- _Your instructions_: Print the lines that run from the line with "在整体业绩上,太二从2016" to the line with "위 이미지처럼 생성이", keeping both end lines, exactly as they appear in the entries below, and nothing else.

- _Stored entries_:

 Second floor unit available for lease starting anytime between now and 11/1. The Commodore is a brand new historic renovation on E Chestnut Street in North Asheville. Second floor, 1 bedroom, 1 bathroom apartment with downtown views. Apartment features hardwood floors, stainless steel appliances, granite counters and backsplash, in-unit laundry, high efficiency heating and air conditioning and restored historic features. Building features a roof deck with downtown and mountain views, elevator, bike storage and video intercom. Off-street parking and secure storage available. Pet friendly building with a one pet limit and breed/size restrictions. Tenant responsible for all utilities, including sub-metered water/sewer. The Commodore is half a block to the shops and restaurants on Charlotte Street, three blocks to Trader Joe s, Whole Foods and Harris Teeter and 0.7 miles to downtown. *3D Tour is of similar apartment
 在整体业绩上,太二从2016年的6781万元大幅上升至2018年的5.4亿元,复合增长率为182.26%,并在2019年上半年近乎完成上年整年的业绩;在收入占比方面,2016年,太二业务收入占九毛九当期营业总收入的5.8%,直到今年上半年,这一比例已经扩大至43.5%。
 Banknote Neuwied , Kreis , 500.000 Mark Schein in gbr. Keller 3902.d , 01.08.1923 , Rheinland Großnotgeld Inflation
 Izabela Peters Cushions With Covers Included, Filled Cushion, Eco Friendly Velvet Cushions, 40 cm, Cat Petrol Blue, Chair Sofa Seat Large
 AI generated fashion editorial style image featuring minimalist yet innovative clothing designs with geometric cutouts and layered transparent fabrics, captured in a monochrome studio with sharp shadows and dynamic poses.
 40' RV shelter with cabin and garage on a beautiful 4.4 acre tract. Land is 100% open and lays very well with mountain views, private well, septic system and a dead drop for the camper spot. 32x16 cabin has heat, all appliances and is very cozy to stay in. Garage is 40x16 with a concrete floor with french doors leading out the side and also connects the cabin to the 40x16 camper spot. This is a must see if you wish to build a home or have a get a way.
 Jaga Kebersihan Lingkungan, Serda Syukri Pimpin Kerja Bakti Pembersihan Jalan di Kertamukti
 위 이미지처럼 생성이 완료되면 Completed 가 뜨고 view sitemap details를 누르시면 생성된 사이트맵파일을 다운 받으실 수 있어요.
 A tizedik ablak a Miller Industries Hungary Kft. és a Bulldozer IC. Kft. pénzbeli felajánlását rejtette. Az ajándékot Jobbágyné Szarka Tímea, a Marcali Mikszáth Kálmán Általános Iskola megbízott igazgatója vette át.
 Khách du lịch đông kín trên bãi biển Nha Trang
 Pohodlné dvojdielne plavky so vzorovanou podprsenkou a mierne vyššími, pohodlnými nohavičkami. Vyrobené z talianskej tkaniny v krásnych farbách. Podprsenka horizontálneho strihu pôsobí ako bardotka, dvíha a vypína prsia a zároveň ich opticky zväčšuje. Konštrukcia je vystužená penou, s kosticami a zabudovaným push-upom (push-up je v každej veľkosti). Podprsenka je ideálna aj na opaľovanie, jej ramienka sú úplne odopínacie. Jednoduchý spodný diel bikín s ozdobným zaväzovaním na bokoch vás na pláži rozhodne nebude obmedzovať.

- _Response_:
 在整体业绩上,太二从2016年的6781万元大幅上升至2018年的5.4亿元,复合增长率为182.26%,并在2019年上半年近乎完成上年整年的业绩;在收入占比方面,2016年,太二业务收入占九毛九当期营业总收入的5.8%,直到今年上半年,这一比例已经扩大至43.5%。
 Banknote Neuwied , Kreis , 500.000 Mark Schein in gbr. Keller 3902.d , 01.08.1923 , Rheinland Großnotgeld Inflation
 Izabela Peters Cushions With Covers Included, Filled Cushion, Eco Friendly Velvet Cushions, 40 cm, Cat Petrol Blue, Chair Sofa Seat Large
 AI generated fashion editorial style image featuring minimalist yet innovative clothing designs with geometric cutouts and layered transparent fabrics, captured in a monochrome studio with sharp shadows and dynamic poses.
 40' RV shelter with cabin and garage on a beautiful 4.4 acre tract. Land is 100% open and lays very well with mountain views, private well, septic system and a dead drop for the camper spot. 32x16 cabin has heat, all appliances and is very cozy to stay in. Garage is 40x16 with a concrete floor with french doors leading out the side and also connects the cabin to the 40x16 camper spot. This is a must see if you wish to build a home or have a get a way.
 Jaga Kebersihan Lingkungan, Serda Syukri Pimpin Kerja Bakti Pembersihan Jalan di Kertamukti
 위 이미지처럼 생성이 완료되면 Completed 가 뜨고 view sitemap details를 누르시면 생성된 사이트맵파일을 다운 받으실 수 있어요.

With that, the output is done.